"Viele Unternehmen schauen zurück und versuchen dabei zu erahnen, was vor ihnen ist. Das geht schnell schief." (Risto Siilasmaa, 2017; Björn Czieslik, 2017).
Nokia hat eine turbulente und weit zurückreichende Geschichte. Für Nokia brachte die Globalisierung nicht nur Chancen mit sich, vielmehr Risiken und Schwierigkeiten. Das finnische Unternehmen zählte einst zu den führenden Unternehmen im Bereich der mobilen Telekommunikation. Nokia platzierte sich lange Zeit sogar vor den heutigen Marktführern Apple und Samsung. Die Ära der Smartphones kostete Nokia jedoch seine Position. Das Unternehmen hatte für eine lange Zeit den Anschluss verpasst. Doch in den vergangenen Jahren trat das Unternehmen zunehmend wieder in den Vordergrund und brachte einige Schlagzeilen mit sich. Zuletzt unter anderem durch eine Kooperation mit Microsoft. Dieser Kampf macht das Unternehmen sehr spannend.
Im Folgenden werden die Entstehungsgeschichte und die Schwierigkeiten im Verlauf der Zeit von Nokia näher dargestellt. Anschließend wird die Internationalisierung des Unternehmens näher betrachtet. Welchen Strategietyp hat Nokia sich bei dem Markteintritt in China bedient und welche firmenspezifischen Vorteile konnte das Unternehmen aus seinem Heimatland übertragen?

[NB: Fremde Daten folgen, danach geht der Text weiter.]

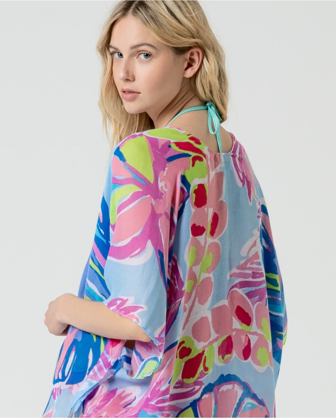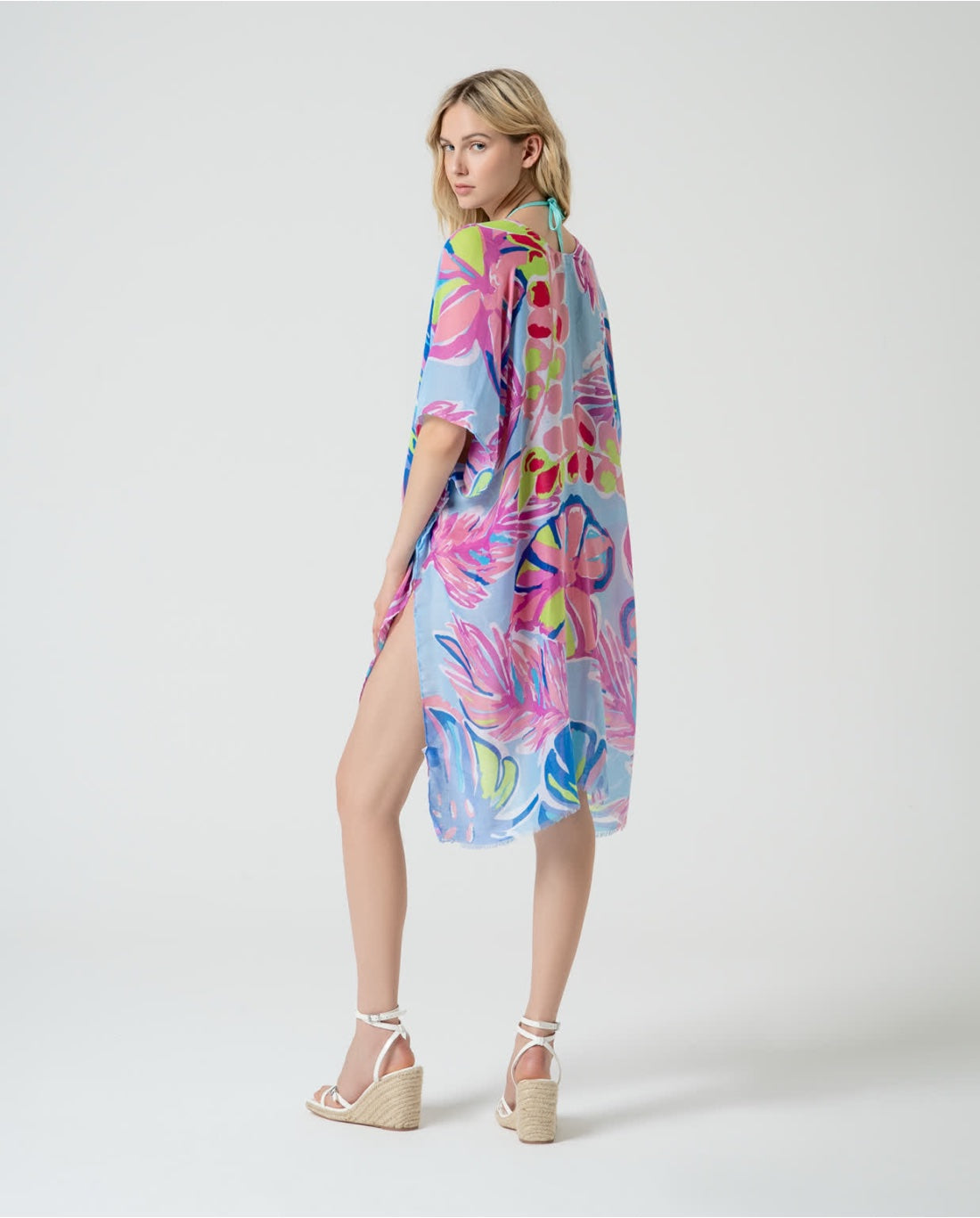 Superbe caftan tunique rose et bleu avec col V en tissus fluide et léger de chez Surkana 35PAYI821 50

Hierzu wird das Modell nach Verbeke herangezogen. Das Modell wird in seinem Grundaufbau dargestellt und auf Nokia übertragen.
Inhaltsverzeichnis
1. Einführung
2. Nokia
2.1 Entstehungsgeschichte
2.2 Entwicklung von Nokia
2.3 Internationalisierung und Produktionsstandorte
3. Analyse der Standortvorteile
3.1 Modell nach Verbeke
3.2 Archetypen
3.3 Standortvorteile von Nokia
3.4 Nokia als Internationaler Koordinator
4. Fazit
Zielsetzung & Themen
Die Arbeit untersucht die historische Entwicklung und die Internationalisierungsstrategie von Nokia unter Anwendung des Modells von Verbeke, um zu analysieren, welche firmenspezifischen Vorteile der Konzern bei der Standortwahl, insbesondere in China, genutzt hat.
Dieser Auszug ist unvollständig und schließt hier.